The original mechanism was for each elector to cast two votes for separate candidates (at least one of whom needed to be from outside the elector's state). The top vote-getter would be President, and the runner-up would be Vice President.
This never really worked as intended. In the first two Presidential elections, it mostly worked, but only because there was a strong consensus in favor of Washington for President: every elector cast their first vote for Washington, making the second vote effectively a vote in a contested election for Vice President. The 1788-9 election had a wide open field with no organized campaigns, with Adams winning with a strong plurality (just short of a majority). The 1792 election was a two-way partisan contest between Adams (backed by the Federalists) and Clinton (backed by the Democratic-Republicans).
After Washington retired, the parties contested both seats, which is what wound up breaking the system. Each party ran two candidates for President, with the understanding that one was to be President and the other to be Vice President. The plan was for 1-2 electors to cast their second vote for someone else instead of the VP candidate, ensuring the top-of-ticket candidate would win. In both elections where this was attempted (1796 and 1800), the parties botched the job.
In 1796, too many Federalist electors cast their second vote for a different candidate, and the D-R candidate (Jefferson) ended up getting the second-most votes. And having a President and VP of rival parties turned out to be a bit of an undesirable mess.
In 1800, the two D-R candidates (Jefferson and Burr) wound up tied with each other, leaving the lame duck Federalist-majority House of Representatives to break the tie. A large faction within the House tried to break the tie in favor of Burr, producing a prolonged deadlock, during which Jefferson threatened civil war if Burr were elected.
If you want to preserve the runner-up system, I think one of the following needs to happen:
- Avert the emergence of a two-party system. This is very difficult, since Presidential systems lend themselves to an administration vs opposition party dynamic, and since two-party politics was already firmly rooted in the Anglo-American political tradition.
- Make the parties get the coordination job right in 1796 and 1800. This would preserve the constitutional mechanism, but subvert the practical application into something still very close to the modern mechanism of separate ballots for the two offices.
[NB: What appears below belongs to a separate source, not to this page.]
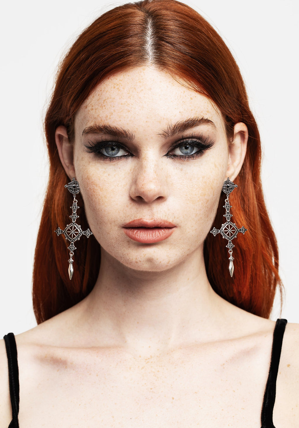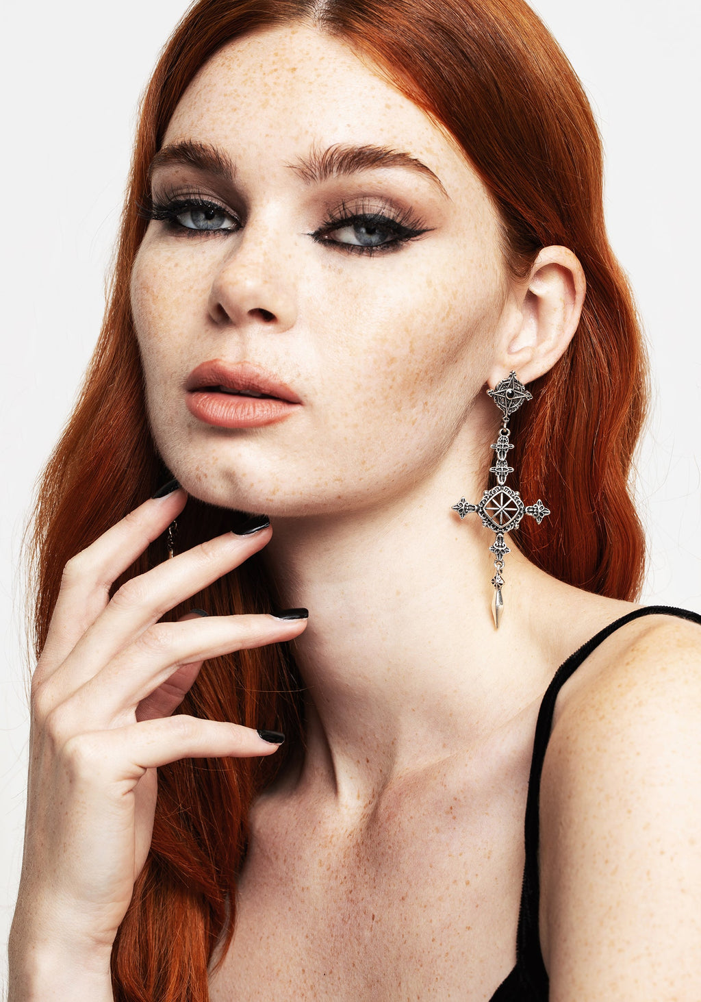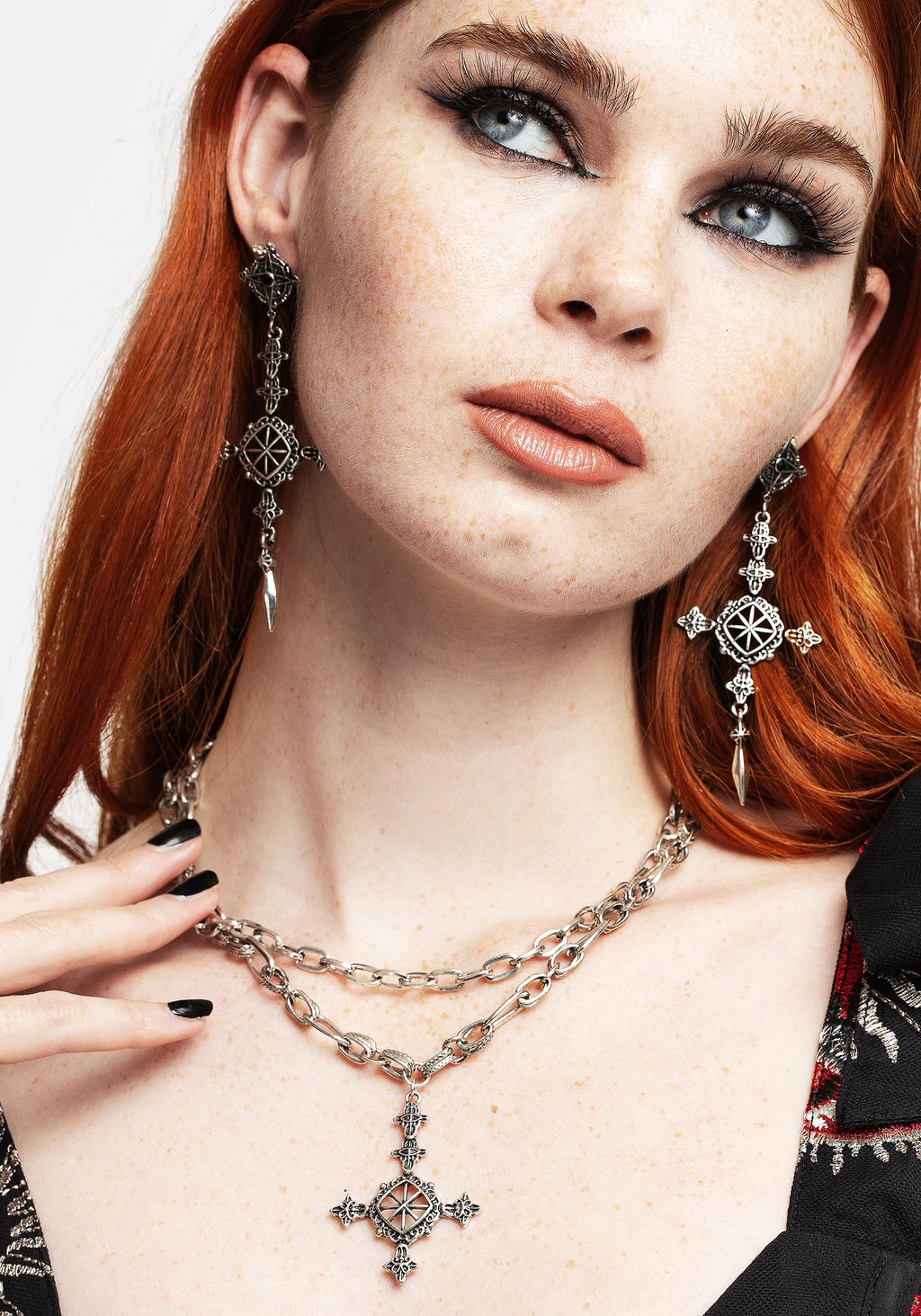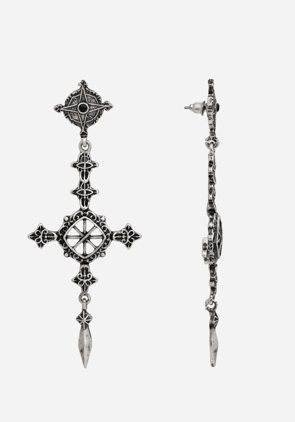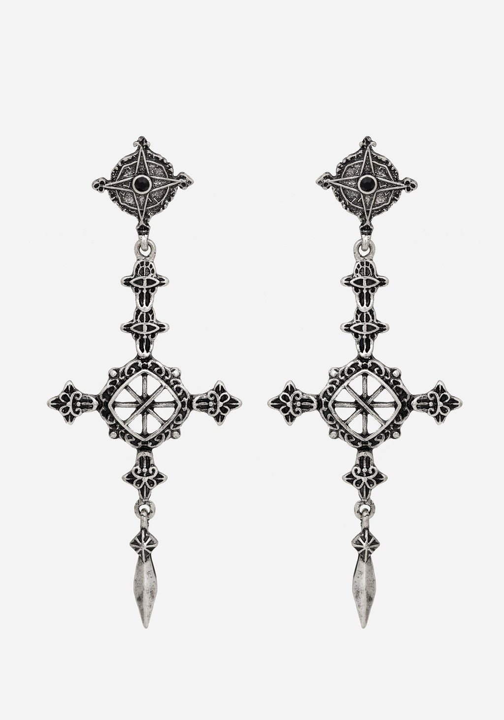 Classic cross drop earrings, with a twist! An ornate inverted cross is suspended from a compass rose embellished with a black gem. A simple concept, elevated for everyday wear.

- Adopt a different runner-up system that's too hard for the parties to try to subvert. For example, something like Borda Count might work (each elector's first vote counts for 2, while their second vote counts for 1, so a party would need a 2/3 majority of electors to capture a majority in both slots). Or just have each elector cast a single vote, but that could break down in the first election if Washington were to win unanimously, leaving no runner-up.